Spring Security Baseline
The default Spring Security configuration is reasonable as a starting point but needs hardening for production. The critical points:
Actuator endpoints are a common exposure vector. Disable all actuator endpoints over the main port and expose only what you need on a management port:
@Bean
public SecurityFilterChain securityFilterChain(HttpSecurity http) throws Exception {
http
.authorizeHttpRequests(auth -> auth
.requestMatchers("/actuator/health/liveness").permitAll()
.requestMatchers("/actuator/health/readiness").permitAll()
.requestMatchers("/actuator/**").hasRole("ACTUATOR_ADMIN")
.requestMatchers("/api/public/**").permitAll()
.anyRequest().authenticated()
)
.sessionManagement(session -> session
.sessionCreationPolicy(SessionCreationPolicy.STATELESS)
)
.csrf(csrf -> csrf.disable()); // Only for stateless API; keep CSRF for session-based apps
return http.build();
}
In application.properties:
management.server.port=9090
management.endpoints.web.exposure.include=health,info,metrics,prometheus
HTTP Hardening
CORS misconfiguration is the silent killer. I've reviewed APIs where allowedOrigins("*") combined with allowCredentials(true) was present in production — which is both a security vulnerability and technically invalid per the spec (browsers will reject it, but some configurations don't).
Be explicit:
@Bean
public CorsConfigurationSource corsConfigurationSource() {
CorsConfiguration config = new CorsConfiguration();
config.setAllowedOrigins(List.of("https://yourdomain.com"));
config.setAllowedMethods(List.of("GET", "POST", "PUT", "DELETE"));
config.setAllowCredentials(true);
UrlBasedCorsConfigurationSource source = new UrlBasedCorsConfigurationSource();
source.registerCorsConfiguration("/api/**", config);
return source;
}
Add security headers via a filter or at the reverse proxy level. HSTS, X-Content-Type-Options: nosniff, X-Frame-Options: DENY, and a Content Security Policy are the minimum set. If you're behind nginx, add them there — they apply to every response uniformly.
JWT vs Sessions
Stateless JWTs work well for APIs consumed by external clients or mobile apps. For browser-based applications, sessions with HttpOnly cookies are harder to XSS out of than localStorage-stored JWTs.
If you use JWTs, keep expiry short (15 minutes) and implement refresh token rotation — issue a new refresh token on each use and invalidate the old one. This limits the blast radius of a stolen refresh token.
Beware of "none" algorithm attacks. Always specify the expected algorithm explicitly when validating:
Jwts.parserBuilder()
.setSigningKey(publicKey)
.setAllowedClockSkewSeconds(30)
.build()
.parseClaimsJws(token); // throws if alg header doesn't match key type
Input Validation
Validate every @RequestBody at the controller boundary.
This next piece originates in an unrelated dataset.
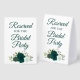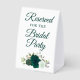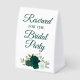 This simple tabletop sign will let your wedding guests know which areas are reserved for the bridal party. The beautiful boho chic design features elegant script lettering and a cluster of hand painted watercolor roses in shades of emerald olive, and mint green, along with sprigs of eucalyptus leaves and garden greenery.
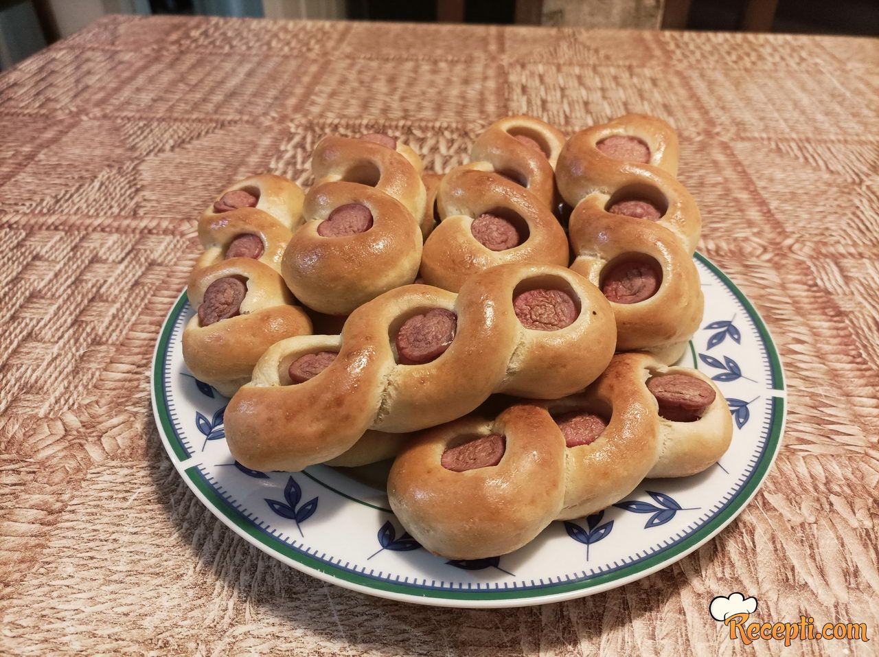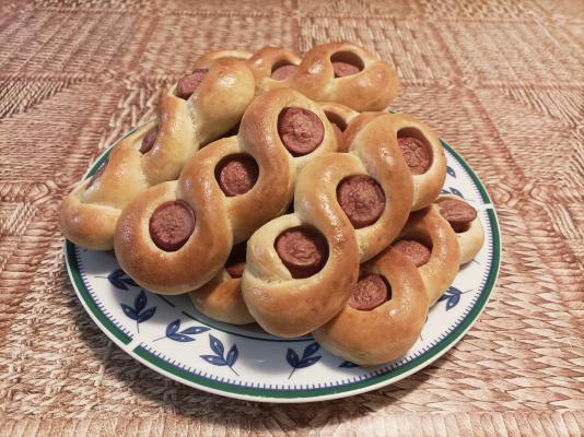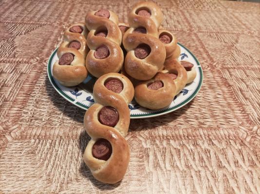 Uzeti jednu lopticu testa, rukama je malo razvući, uviti u rolatić i rukama, valjanjem, izdužiti rolatić u valjak dužine 38 cm. Sada, saviti testo na pola, staviti komad viršle, prebaciti desnu traku testa ispod viršle, pa levu traku testa prebaciti preko desne i ponoviti postupak još dva puta. Krajeva podaviti ispod testa. Na isti način uraditi i sa ostalim lopticama testa.

This is not optional:
@PostMapping("/orders")
public ResponseEntity<OrderResponse> createOrder(
@Valid @RequestBody CreateOrderRequest request,
@AuthenticationPrincipal UserDetails principal
) {
// Never trust client-supplied owner IDs
// Always derive ownership from the authenticated principal
return orderService.create(request, principal.getUsername());
}
Two common mistakes: validating input but not enforcing ownership (user supplies userId=42 in the request body and you use it directly), and validating at the service layer instead of the controller (meaning the validation doesn't run in tests that mock the service).
For SQL injection: use Spring Data JPA or named parameters. Never concatenate user input into query strings. If you're writing native queries, use @Query with :param placeholders.
Security is a process, not a feature. The checklist above gets you to a defensible baseline — not an impenetrable system. Threat modelling, regular dependency scanning, and security-focused code review are what keep the baseline from eroding as the codebase grows.
Build security in from the start. Bolting it on later costs three times as much and leaves gaps.